適当に書くのは誰にだってできるけど、それはつまりあれだろ、俺らに頼んでくれた先生に対しても誠実じゃないだろ。嫌なんだよ、なんかそういうの。気持ち悪くて背中がムズムズするから。


「はは」


文庫本の並んだ本棚に、雨宮の小さな笑い声が響いた。振り返って見てみると、返却本を数冊抱えた雨宮が背表紙の分類番号に目を落としているところで。

 
「葦名のそういうとこ」
「なんだよ」
「べつに?」
「はー?気持ち悪ぃ」
「うそ。愛おしいなぁとおもって」


今度は俺が笑い飛ばす番。愛おしいって、なんだよ、それ。


「適当言いやがって」


そう言いながら、あたりをつけていた文庫本を引っ張り出した。先々月にも紹介した作家の短編集。いいじゃん。面白そう。
貸出カードを取り出して、学年と名前を書く。2年2組、出席番号1番、葦名 (ぎん)

「おまえもなに紹介するのか考えろよ」

雨宮に向けて放った言葉は、誰にも処理されずに宙に浮いたまま。……無視とか上等。おいこら。てめえに言ったんだぞ。


「おい……」


てっきりまたいつもの、向けられるこっちの力が抜けるような、軽くてゆるい笑顔を浮かべているのかと思った。『言われなくてもわかってますー』とか、ゆったりした口調で返されるものだと思ってた。

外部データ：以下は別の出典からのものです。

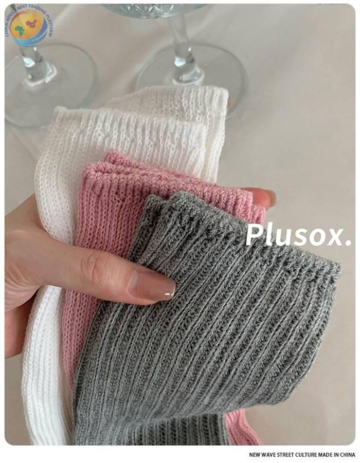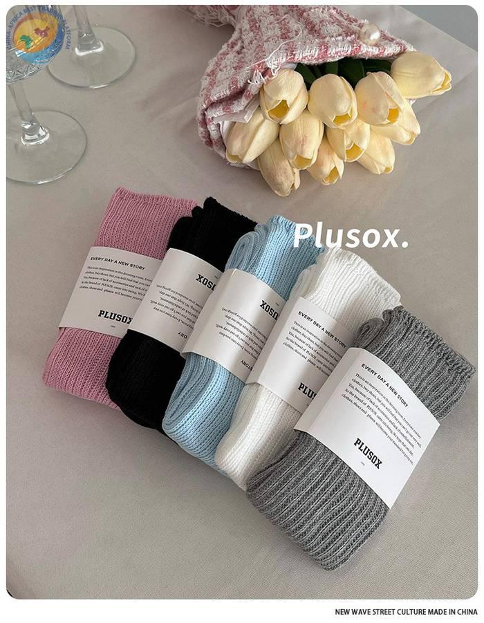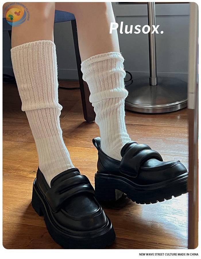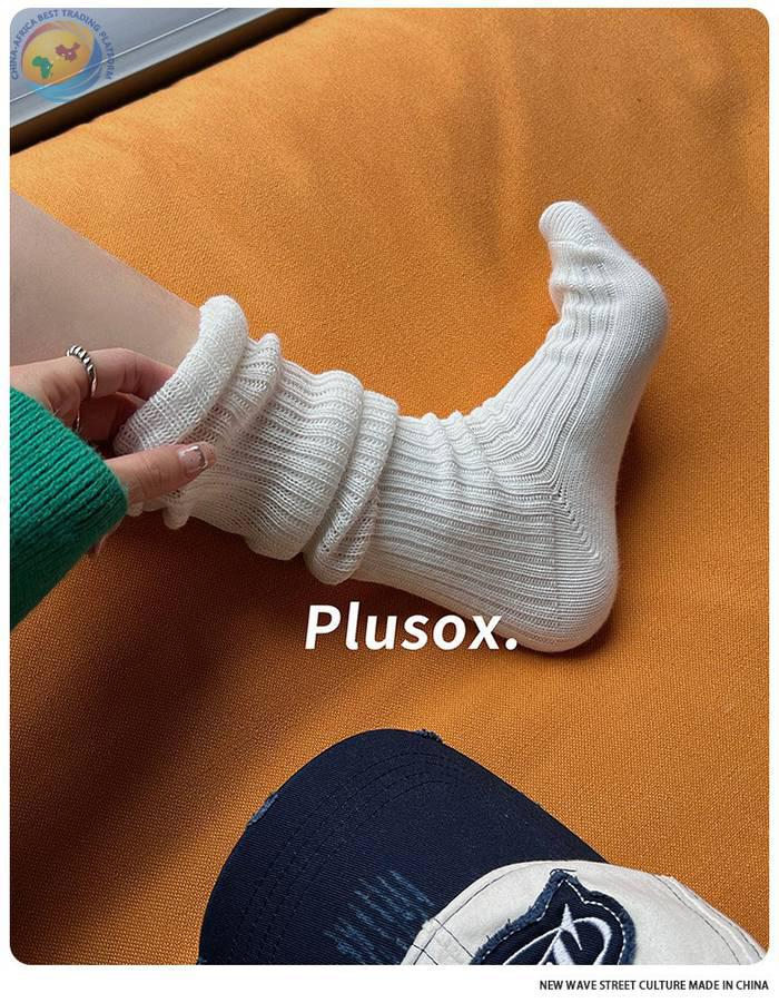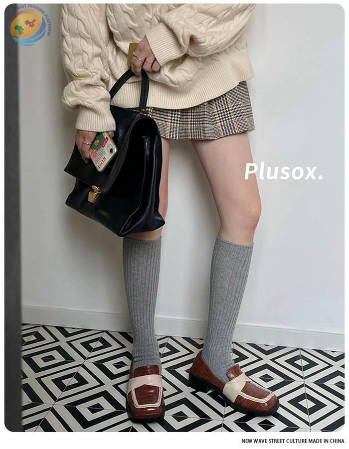 plusox秋冬新款纯色及膝袜小腿袜加厚甜美双针堆堆袜子长筒诸暨袜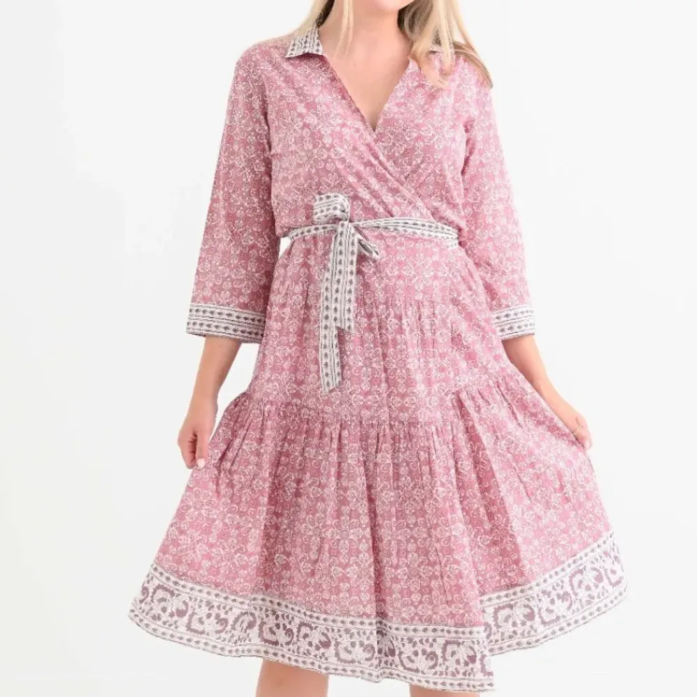 This Tulip Sundial Mauveglow Collared Wrap Dress highlights refinement and sophistication. The flattering wrap dress is tailored for a classic silhouette, and the soft mauve pink geometric print is complemented by a coordinating belt and border. Complete with an open collar, this dress is perfect for an afternoon in town or a romantic evening stroll.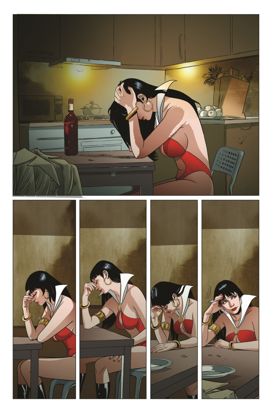 The new story, “The Long Night” will introduce fans to parallel perspectives of the Daughter of Drakulon in the present dealing with a severe case of postpartum depression, even while finally reunited with her previously stolen infant son — and on the other hand a vision into a possible cataclysmic, cyberpunk future brought on by a bitter Vampi’s nuclear holocaust!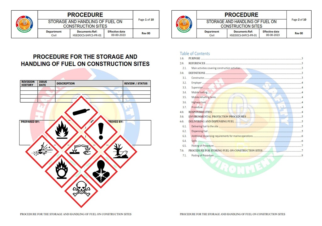 This procedure for “PROCEDURE FOR STORING FUEL ON CONSTRUCTION SITES”, uploaded by the QHSE Documents outlines the safe storage, handling, and emergency preparedness for fuel storage on construction sites in compliance with international standards and codes, including NFPA (National Fire Protection Association), OSHA (Occupational Safety and Health Administration), ISO 45001, and local regulations.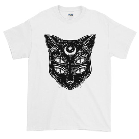 The Black Cat T-Shirt features an original Black Cat design exclusive to Multiverse Gifts on Gildan® men's cotton t-shirt! Your choice of 3 designs in black or white. Also available in a Women's Black Cat T-Shirt. T-Shirt Features 100% jersey knit 6oz. fabric weight Pre-shrunk Seamless, double-need ⅞” collar Taped neck and shoulders Classic fit Your typical 100% cotton t-shirt (except for heather...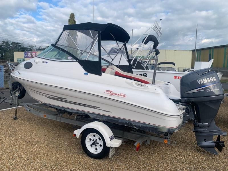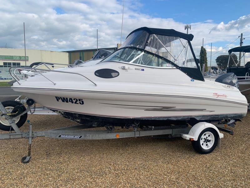 HAINES SIGNATURE 500C CUDDY CABIN FOR SALE. THIS SIGNATURE 500C CUDDY IS VERY TIDY AND IS POWERED BY THE 90 HP YAMAHA FOUR STROKE OUTBOARD WITH ONLY 172 HOURS ON IT. FEATURES INCLUDE BIMINI WITH FRONT & SIDE CLEARS, DELUXE REAR LOUNGE, TRAVEL COVER, SKI POLE, BOARDING LADDER, GME VHF RADIO, AM/FM CD PLAYER, LOWRANCE 5" GPS COMBO, COMPASS, COAMING LIGHTS & FULL CARPETS. COMES WITH SAFETY GEAR & 12 MONTHS OUTBOARD WARRANTY. READY TO GO. WINTER CLEARANCE ONLY $29,990.00. MERCURY FINANCE AVAILABLE T.A.P. CALL TERRY AT OUR *** DEALERSHIP FOR MORE INFO ON ***.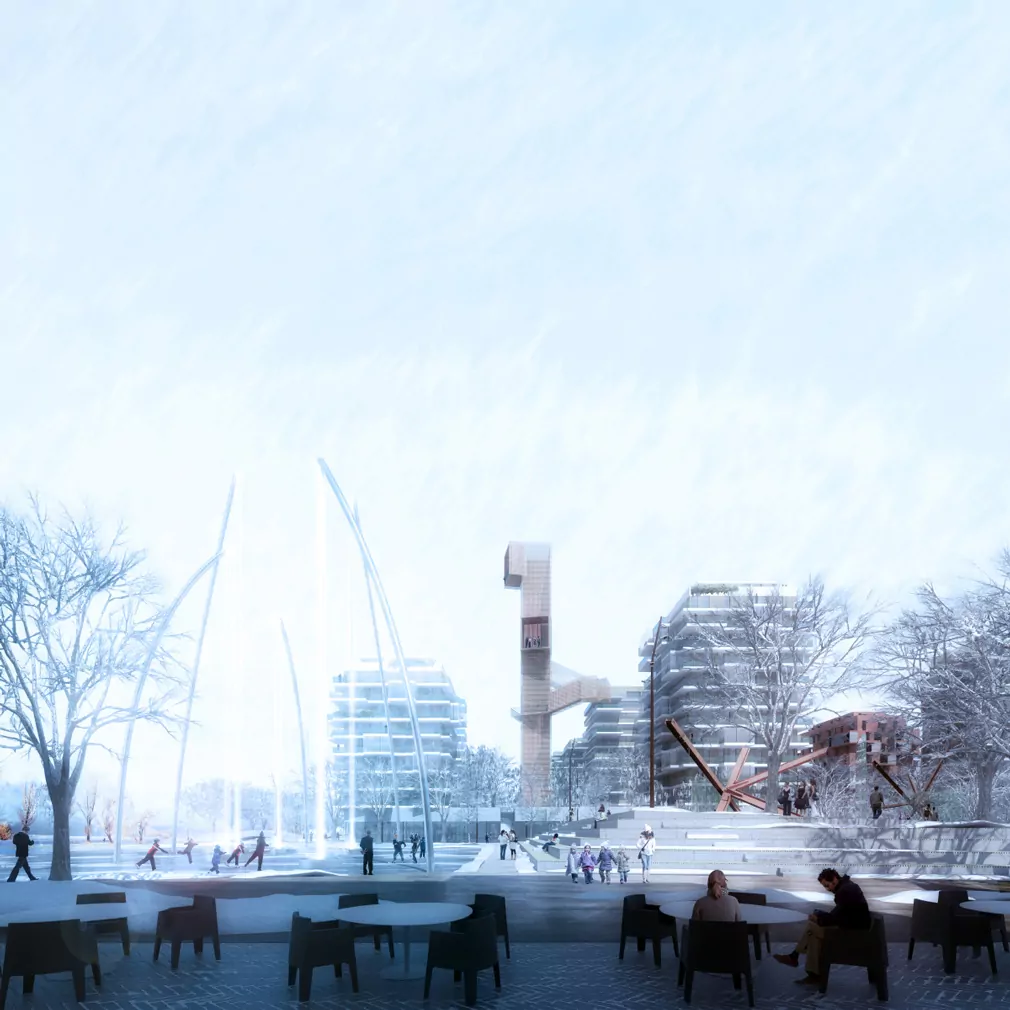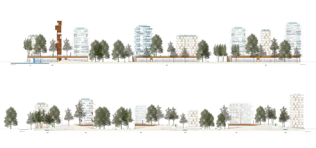 At both sides of the clash between nature and urban, a new intensive neighborhood will grow on several towers with its minimum footprint, giving away the maximum of open space between the slopes and under the trees to host a real urban life. This green carpet is not only offering a soft landscape, through the use of the section is also sheltering citizens from the wind and applies different qualities and identities by the different uses of a ¨urban sport circuit¨ spread all over the new district.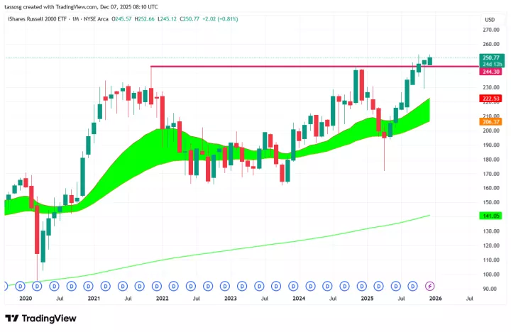 Ο δείκτης μικρής κεφαλαιοποίησης της χρηματιστηριακής αγοράς των ΗΠΑ (IWM) βρίσκεται σε διάσπαση ενός πενταετούς εύρους τιμών, έπειτα από χρόνια υπο-απόδοσης έναντι του S&P 500.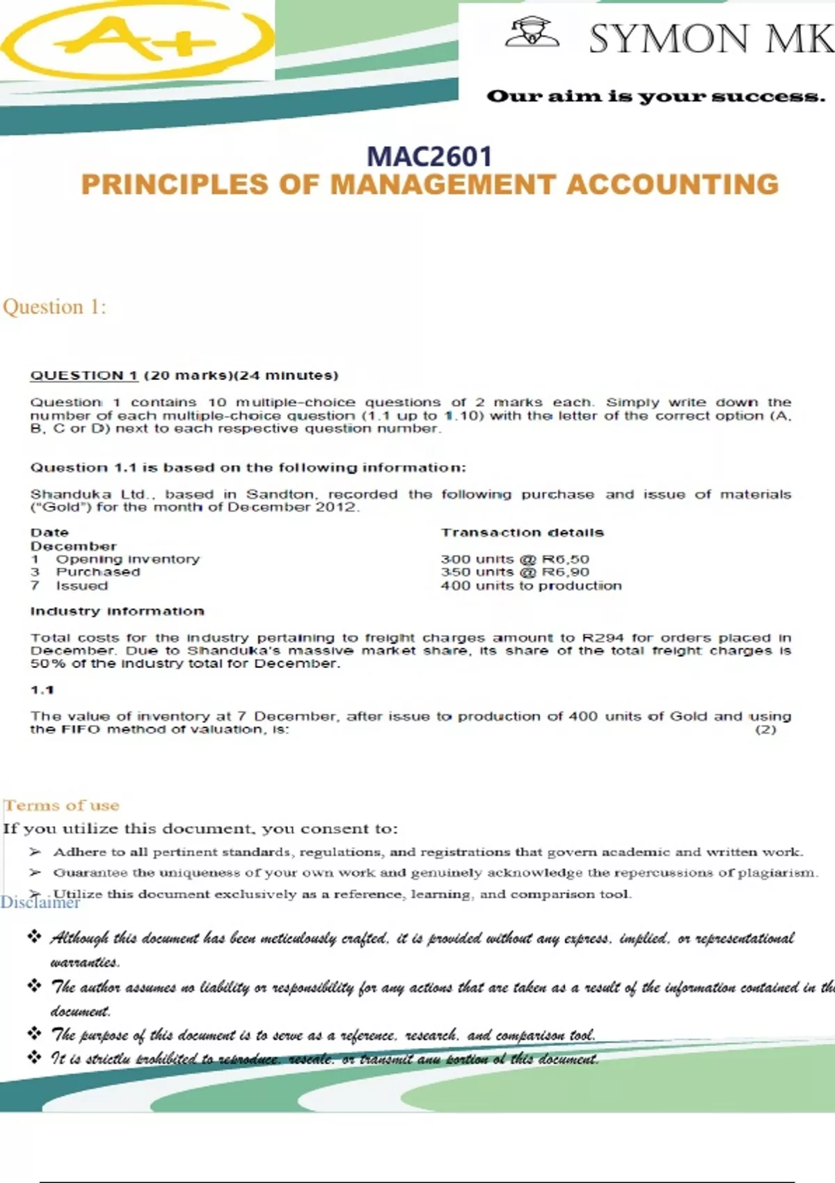 PRINCIPLES OF MANAGEMENT ACCOUNTING

ゆるゆる、へらへら。雨宮を音で表すとしたらそれらがピッタリだったから。図書委員として半年一緒に活動してきて、雨宮がどういう奴なのかはある程度わかってきたつもりだった。

でもいま、雨宮を見ても何を考えているのかわからない。ただじっと俺のことを見つめている雨宮に、俺は少し動揺している。


「……どうしたよ」


パタンと文庫本を閉じて、雨宮に近づく。腹でも痛いのか。それとも先週の中間考査の結果が気になるのか。返却本は残り1冊。雨宮の手からそれを抜き取って分類番号を確認する。


「……葦名、」
「ん?」
「適当じゃないっつったら、どうする」
「……」


数分前の会話を脳内で再再生。
『うそ。愛おしいなぁとおもって』
はいここ。ここでストップ。返却本に目を落とす雨宮。その口元にはわずかに笑みが浮かんでる。……適当じゃないって、これのこと?



『──下校時刻になりました。校内に残っている生徒は……』



チャイムの音が図書室に鳴り響く。雨宮のビー玉のような瞳に、目を見開く俺がしっかりと、ばっちりと、映っていた。